Let $A_n(x)$ be the matrix,  verifying
$$\text{$a_{i,1}=a_{1,j}=1$ and $a_{i,j}=a_{i-1,j}+a_{i,j-1 }+x(i-j)$.}$$
By introducing $B_n$ whose general term is defined by $b_{i,j}=a_{i,j}+x(i-j)$ we obtain $\det(A_n(x))=\det(B_{n -1}(x))$ then $\det(B_n(x)+yJ_n)=(1+y)\det(B_{n-1}(x)+\frac{x^2}{y+1 }J_{n-1})$.
We deduce $\det(B_n(x)+yJ_n)=a_n(x)+y\;a_{n-1}(x)$ where the sequence $a_n(x)$ verifies $a_0=a_1=1$ and $a_{n+1}(x)=a_n(x)+x^2\;a_{n-1}(x)$.
Hence $\det(A_n(x))=a_{n-1}(x)$.
We can show by induction that $a_n(x)=\displaystyle \sum_{k=0}^{\lfloor n/2\rfloor}{\binom{n-k}k}x^{2k}$.

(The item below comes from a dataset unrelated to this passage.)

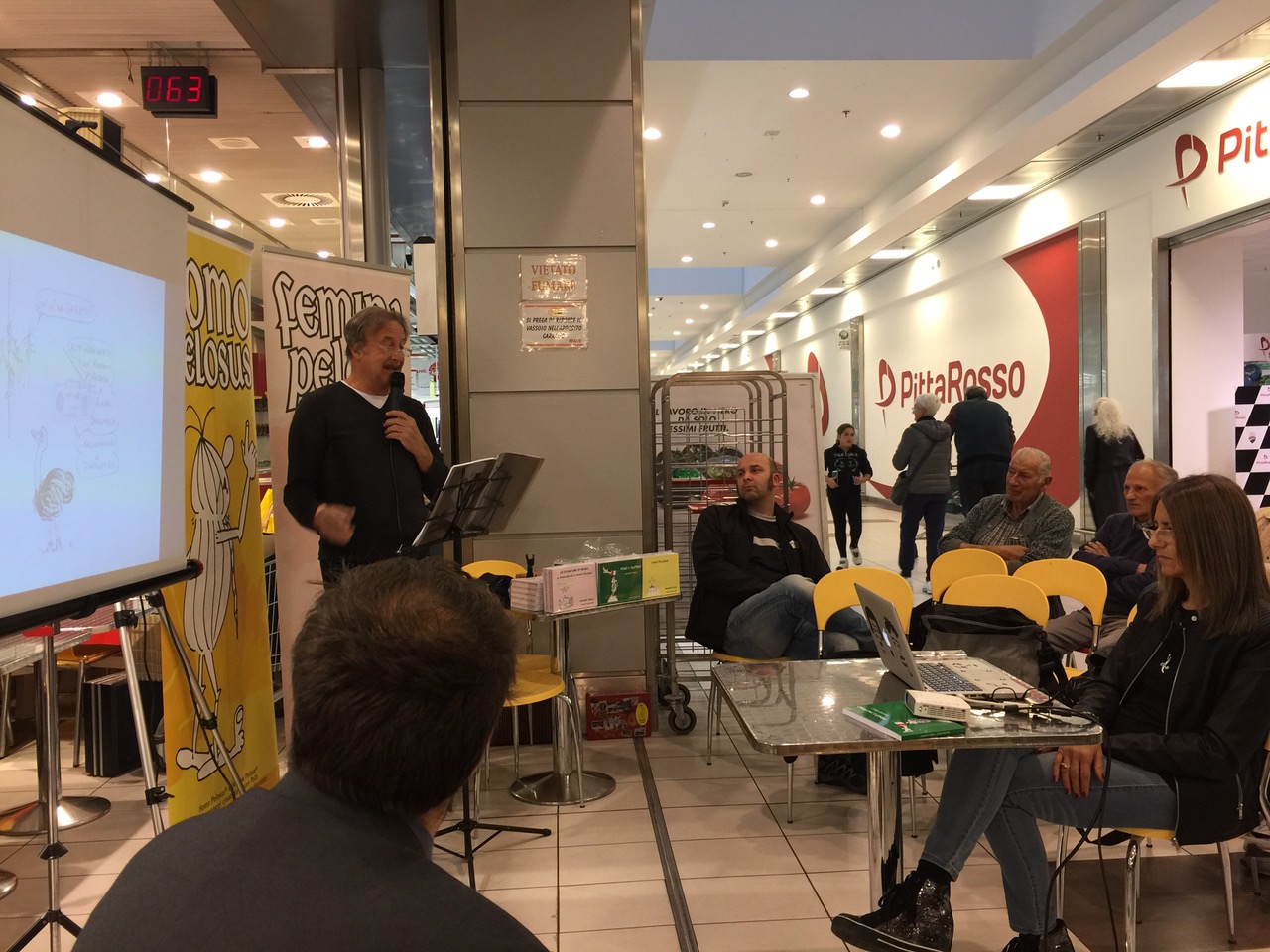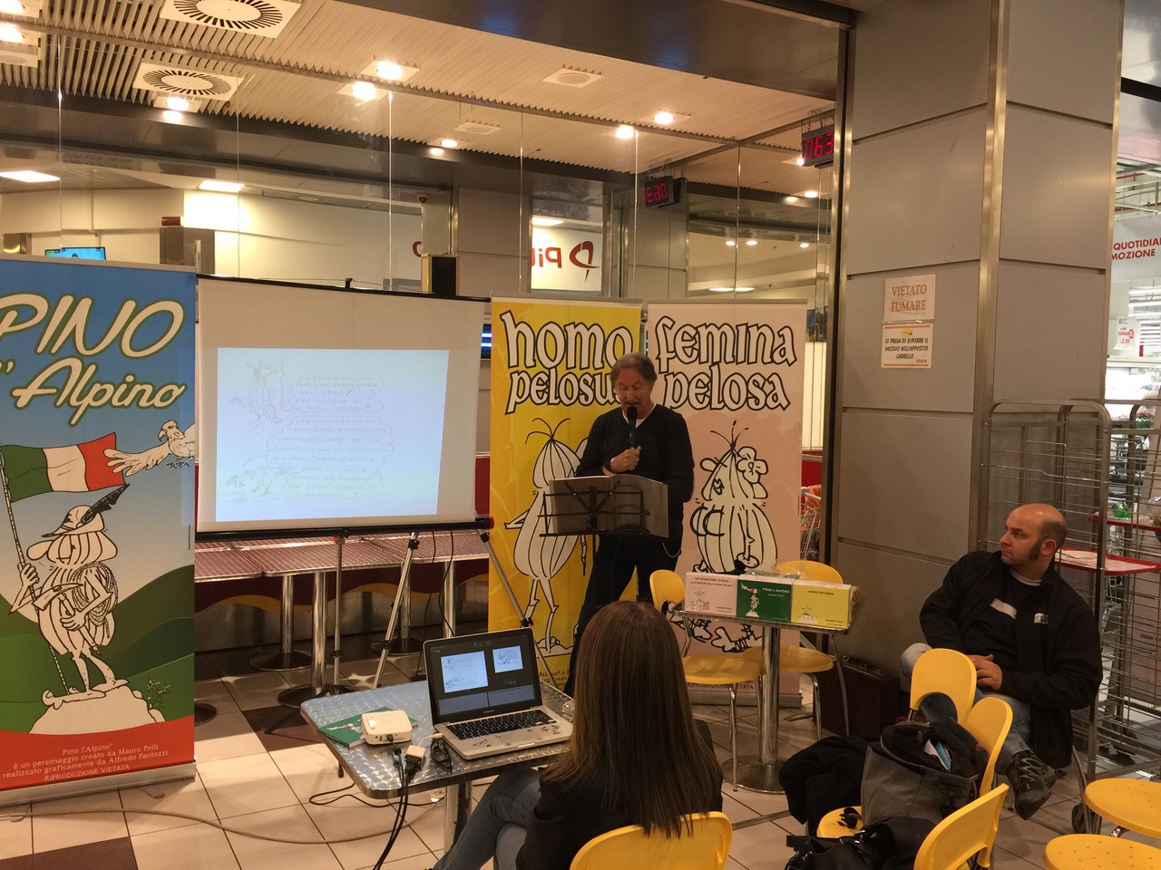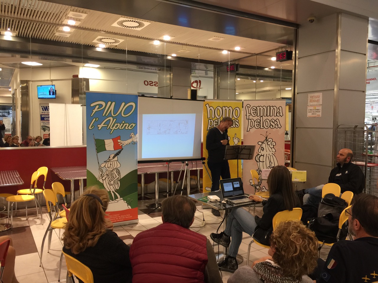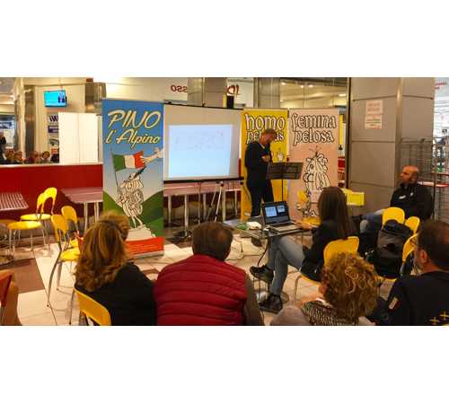 di Federica di Meo, famosa disegnatrice del manga “Somnia” edito da Panini Comics, tenuto presso il liceo artistico di Omegna e, con la presentazione del nuovo libro a fumetti “Pino l’alpino” di Mauro Polli, che si è svolto presso il coop caffè dell’Ipercoop di Crevoladossola, è iniziato il fine settimana dedicato all’evento denominato “Borsa scambio”: legato al collezionismo ed all’antiquariato minore. L’iniziativa è organizzata dall’Associazione “La nuova idea” in collaborazione con l’associazione Giovan Pietro Vanni, con il presidio soci coop Ossola ed il centro commerciale “Ossola Shopping Center”. Oltre 200 metri lineari di banchetti con vinili, fumetti e tanto altro aspettano il numeroso pubblico di appassionati presso il centro culturale “La Fabbrica” di Villadossola. La simpatica anteprima di venerdì ha permesso al pubblico presente di conoscere la verve creativa di Mauro Polli che, coadiuvato dall’amico disegnatore Alfredo Fantozzi, nel 2013 ha recuperato dai “cassetti” il personaggio preistorico a fumetti nato sui banchi del liceo “nelle lunghe e noiose ore di latino”, con gli amici Massimo Stringara e Claudio Rossi: l’Homo Pelosus. La saga dei “pelosi” è continuata nel 2016, con l’arrivo della “femmina pelosa” la compagna del personaggio principale e le loro avventure. “Pino l’alpino”, ultimo (per ora) libro della collana, stupisce ancora una volta gli appassionati di questo fumetto, perché è l’ideale collegamento tra il primo fumetto che ha visto protagonista un alpino, precisamente “l’alpino Giuseppe” pubblicato sul mensile sezionale degli alpini di Domodossola: “La Vetta”, quarant’anni fa. Il personaggio era nato dalla fantasia dell’allora presidente di sezione dell’Anadi Domodossola, il Tenente Gianfranco Polli, padre di Mauro. Nel libro “Pino l’alpino” sono raccolte le strisce uscite su “La Vetta” e le nuove avventure del personaggio preistorico “peloso”. Inoltre sono rappresentati anche un gran numero di aforismi, tutti rigorosamente ambientati nel territorio ossolano.

A: An answer also by my friend Jandri to the first  problem posed by Johann Cigler :
let $a_{i,j}=x(\binom{i+j-1}{j}+j-i)-y \binom{i+j-2}{i}$. Johann Cigler  conjectures that $\Delta_n= x \Delta_{n-1}+ x y\Delta_{n-2}, \forall n\ge 3.$
This last matrix to the second problem posed by Johann Cigler is very similar to the one I considered just above, it also satisfies $a_{i,j}=a_{i-1,j}+a_{i,j-1}+x(i-j) $. The only difference is that $a_{i,1}=x$ and $a_{1,j}=jx-(j-1)y$.
It is treated exactly the same way by introducing the matrix $B_n$ with general term $b_{i,j}=a_{i,j}+x(i-j)$.
We get $\det(A_n)=x\;\det(B_{n-1})$ then $\det(B_n+zJ_n)=(x+z)\det(B_{n-1}+\frac {xy}{x+z}J_{n-1})$.
We deduce $\det(B_n+zJ_n)=a_n+z\;a_{n-1}$ with $a_0=1$, $a_1=x$ and $a_{n+1}=x\;a_n+ xy\;a_{n-1}$ and hence $\det(A_n)=x\;a_{n-1}$.
The sequence $\det(A_n)$ therefore follows the same recurrence relation as the sequence $a_n$.